We drove a wide loop through Old Mesilla, Las Cruces, and Hatch ("World's Chile Capital") to arrive eventually and impulsively at Lake Valley, a silver mining town in the 1880s that is now a ghost town on BLM-managed land. It is located on NM 27, 13 miles North from the one-house hamlet of Nutt on NM 26, also known locally as "Hatch Highway."

Boom to bust and now dust...
We turned off on a dusty exit just as the range land ends and the hills begin. From Deming directly the ghost town is a drive of about 35 miles. Eleven structures survive in a dilapidated state from the town's heyday beginning around 1883 and ending around 1895: a few residences, a school house (that later became a saloon and even later a gas station), a chapel, a general store, a tipple, a depot, a wall, and not much more.

The Bridal Chamber...
Close to 3.5 million ounces of silver were taken from the mine that was the reason for the town. Called the "Bridal Chamber," it was an unusually compact resource of about 9 feet wide by 40 feet long, with the highest concentration of silver per ton of ore around. One tongue-in-cheek source in 1884 said the silver could be melted off the walls with a candle.
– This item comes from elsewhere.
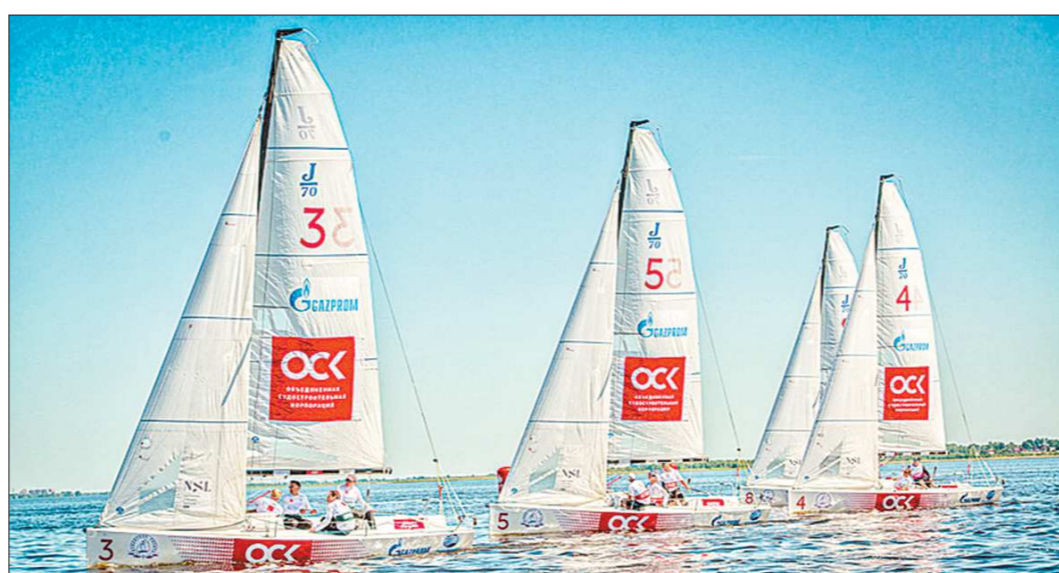
Несмотря на несколько часов проливного дождя, Екатеринбург в целом порадовал участников отличной погодой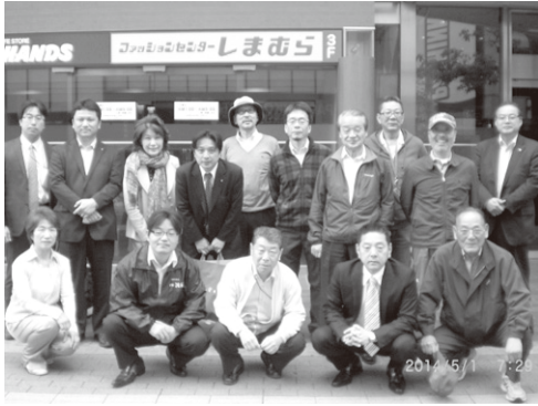
5月1日 吹田西RC主催 クリーンデー

Poet Walt Whitman was an investor in the mine with 200 shares. The mine owner, Whitaker Wright, continued selling shares long after the mine had stopped producing silver, and along with others who had been duped, Whitman lost his shirt. Wright, when arrested and brought to trial in England, dramatically swallowed cyanide in the courtroom rather than go to prison.

Cool, huh?
Why go to a ghost town? It has to do with the quiet of the place after so much hustle and bustle during its economic boom. To do also, I think, with seeking a past to the present which at times makes no sense. For me personally, it has to do with the sculptural qualities of decay and breakage one finds in ghost towns, and a fascination with anything humans have abandoned and nature has reclaimed.